Полковник, не отрываясь от бумаги, качнул головой:
– A-а, старик! Погоди. Посиди немного. Тут срочная бумага… Ах, штоб тебя! Ну, кто же так пишет? Через пень колоду. Ну погоди, Серегин!
Ярцев стоял, не зная, что делать. Выйти или здесь обождать? Коротая у порога время, он еще раз рассмотрел кабинет. Теперь уже заметил, что обои на стенах давно почернели, местами облезли, а у стола были до лоска вытерты спинами посетителей. Слева у двери оказался вмонтированный в стенку железный сейф. Под ним деревянный ящик с подшивками газет и журналов. На тумбочке у окна – два телефона. Трубка на одном была разбита, и кусок от нее валялся под столом. Жирные пятна на зеленой скатерти свидетельствовали, что она давно не мыта. Большая плетеная корзина доверху забита окурками и клочьями бумаг.

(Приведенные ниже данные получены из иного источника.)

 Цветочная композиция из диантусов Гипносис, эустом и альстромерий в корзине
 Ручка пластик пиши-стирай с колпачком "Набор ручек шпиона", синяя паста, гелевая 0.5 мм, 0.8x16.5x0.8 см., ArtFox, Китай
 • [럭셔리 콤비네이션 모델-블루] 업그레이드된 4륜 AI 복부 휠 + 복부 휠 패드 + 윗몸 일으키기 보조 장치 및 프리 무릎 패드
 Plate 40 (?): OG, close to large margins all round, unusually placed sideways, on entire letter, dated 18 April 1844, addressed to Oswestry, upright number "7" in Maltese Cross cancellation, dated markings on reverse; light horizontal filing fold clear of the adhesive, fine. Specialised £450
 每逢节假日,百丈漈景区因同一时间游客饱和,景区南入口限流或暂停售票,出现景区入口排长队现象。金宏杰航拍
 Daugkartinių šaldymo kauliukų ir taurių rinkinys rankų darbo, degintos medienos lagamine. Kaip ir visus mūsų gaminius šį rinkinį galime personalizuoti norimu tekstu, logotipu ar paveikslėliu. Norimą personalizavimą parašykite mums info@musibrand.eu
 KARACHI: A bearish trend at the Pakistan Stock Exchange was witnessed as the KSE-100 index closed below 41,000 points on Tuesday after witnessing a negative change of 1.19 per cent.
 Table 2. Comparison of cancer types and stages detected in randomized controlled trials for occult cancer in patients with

Сергей перевел взгляд на своего нового начальника. Тот продолжал ожесточенно кромсать текст кем-то неудачно составленной бумаги. Лоб его от напряжения страдальчески сморщился, в глазах чуть ли не проступали слезы, и Сергею вдруг стало жалко этого человека, высохшего, изнуренного бумагами. Хотелось подойти к окну, распахнуть шторы и сказать: «Да отдохните же вы! Подышите воздухом свежим и бросьте курить. Пальцы от курева уже пожелтели».

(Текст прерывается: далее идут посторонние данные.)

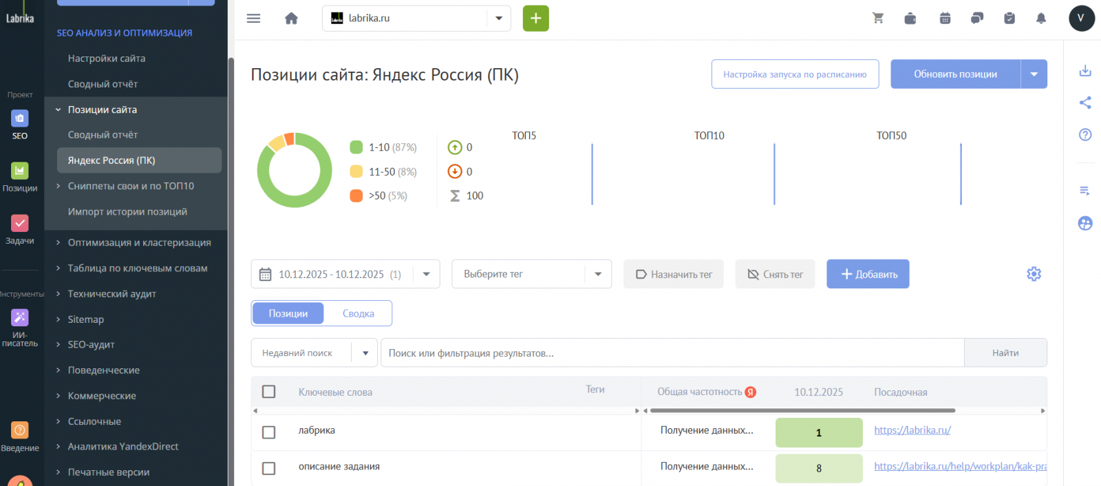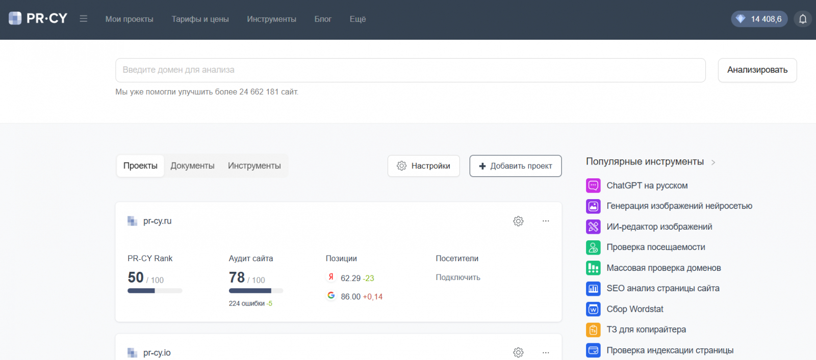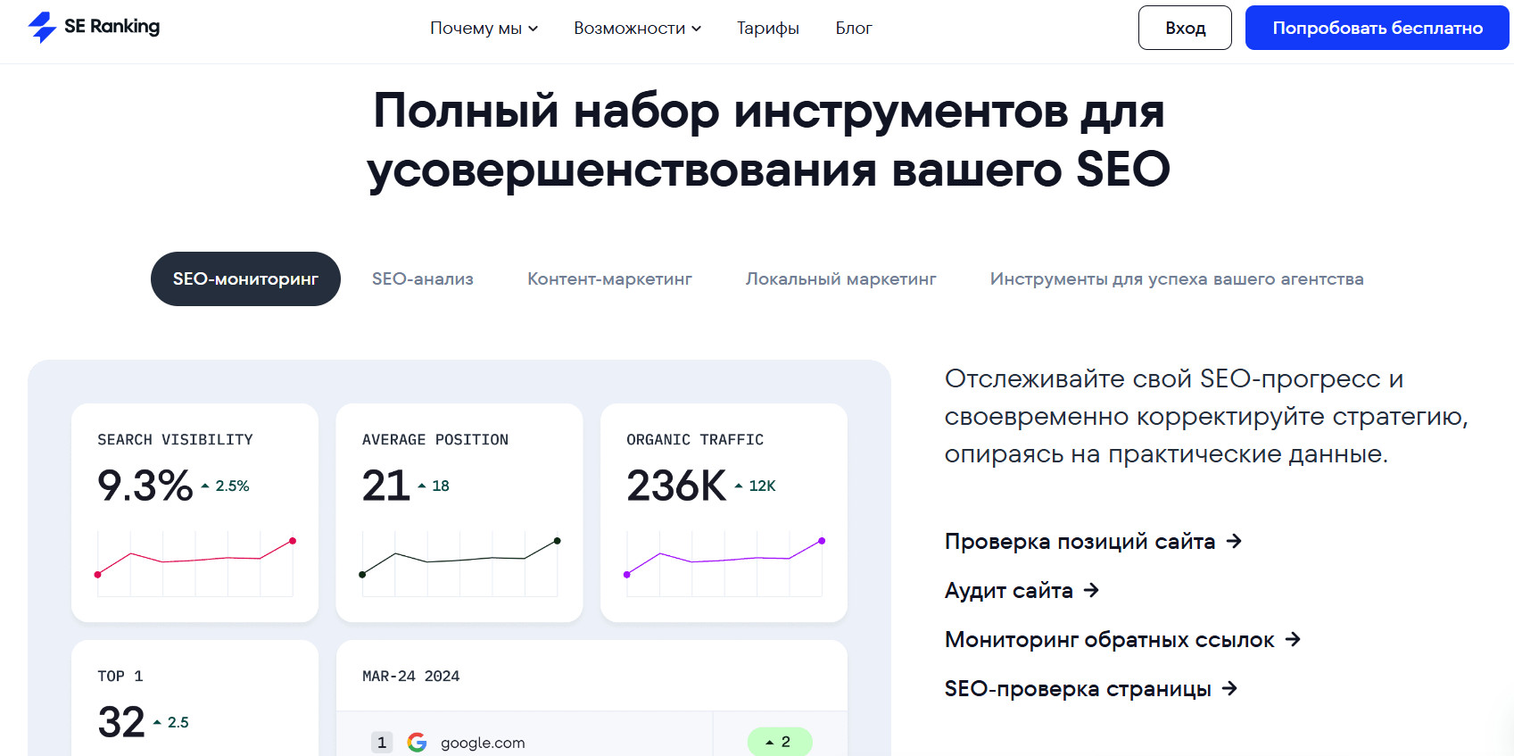 Это зависит от того, на каком этапе развития находится ваш проект. Конкретный график зависит от задач и состояния проекта, но для большинства сайтов комфортным считается мониторинг примерно два-три раза в месяц. Если хочется узнать, на каком месте ваш сайт появляется в поиске, сделать это можно прямо в браузере. Процедура довольно простая: откройте окно в режиме инкогнито, введите нужную фразу и пролистайте результаты, пока не увидите свой ресурс. Нашли? Зафиксируйте номер позиции. Затем можно повторить то же самое с другими запросами. Но такой способ проверки обычно быстро утомляет. Он отнимает много времени, не подходит для большого количества ключевых слов и совершенно не дает понимания, как меняются позиции со временем. Из‑за этого вручную отслеживать ранжирование в итоге становится неудобно. Поэтому большинство предпочитает пользоваться специальными сервисами. Они позволяют получить всю нужную информацию буквально за пару минут и дают гораздо более полную картину. Чтобы следить за положением сайта в поисковых системах, доступны разные инструменты. Есть бесплатные решения, например Яндекс.Вебмастер и Google Search Console. После подтверждения прав на сайт они помогают отслеживать основные показатели и дают базовое представление о видимости ресурса. Но у таких сервисов есть ограничения: они не показывают позиции в моменте и не позволяют анализировать конкурентов. Возможности Яндекс.Вебмастер Если же нужен глубокий анализ, регулярная проверка новых запросов, возможность сравнивать результаты с другими сайтами или выгружать данные, то стоит обратить внимание на платные инструменты. Они обеспечивают более широкие возможности и подходят для детальной работы с поисковой выдачей. PR-CY — это программная платформа для SEO-мониторинга и продвижения сайтов. Она помогает собирать, хранить и анализировать данные о позициях, ошибках сайта, трафике и спросе. Главная сайта PR-CY Проверка позиций в сервисе PR-CY SE Ranking помогает отслеживать позицию сайта в поисковых системах и понимать, насколько эффективно работает ваша SEO-стратегия. Он собирает данные по выбранным ключевым словам и показывает динамику изменений. Главная сайта SE Ranking Проверка позиций в сервисе SE Ranking Цены ориентировочные, так как на итоговую стоимость влияет количество ключевых слов, проектов и частота проверок. Стоимость указана при годовой подписке. Пиксель Тулс помогает следить за тем, как ваш сайт продвигается в поиске, и оценивать, насколько эффективно работает SEO. Он собирает данные о позициях по разным ключевым словам и учитывает результаты как для мобильных устройств, так и для компьютеров. Главная сайта Пиксель Тулс Проверка позиций в сервисе Пиксель Тулс Rush Analytics дает вам возможность отслеживать позиции сайта и конкурентов в режиме реального времени в Google и Яндекс во всех регионах. Частоту проверок можно выбрать самостоятельно. Главная сайта Rush Analytics Проверка позиций в сервисе Rush Analytics Topvisor помогает отслеживать продвижение сайта в поисковых системах и понимать, насколько хорошо работают SEO‑стратегии. Главная сайта Топвизор Проверка позиций в сервисе Topvisor Серпхант берет на себя рутинные задачи по мониторингу сайтов и помогает лучше понимать, что происходит с видимостью проекта в поиске. Он отслеживает динамику по ключевым запросам и анализирует поведение тра

Минут через десять полковник вскочил и с листком в руке шмыгнул из кабинета.
– Я сейчас. Снесу на машинку, старик.
Он вернулся сияющий, довольный.
– Ну что, заждался? Ничего, привыкай. У нас тут пожары бывают. Помоги-ка вот папки в сейф запихнуть.
– Пожалуйста, товарищ полковник. – И Сергей подхватил крайнюю стопу.
– Вот так. Хорошо, старик. В угол их. Под замок. А теперь идем, я тебе рабочее место покажу. Побеседуем после, как с совещания вернусь.
По пути в комнату инструкторов полковник завернул в машинописное бюро.
– Зайдем. С машинистками познакомлю. А то, черти раскосые, печатать тебе не будут.
За деревянной перегородкой, обшитой белым полотном, раздавался бойкий перестук машинок, приглушенные женские голоса.
– Валечка, смени копирку.
– Асенька, кончай доклад.
Полковник заглянул в оконце и распахнул дверь.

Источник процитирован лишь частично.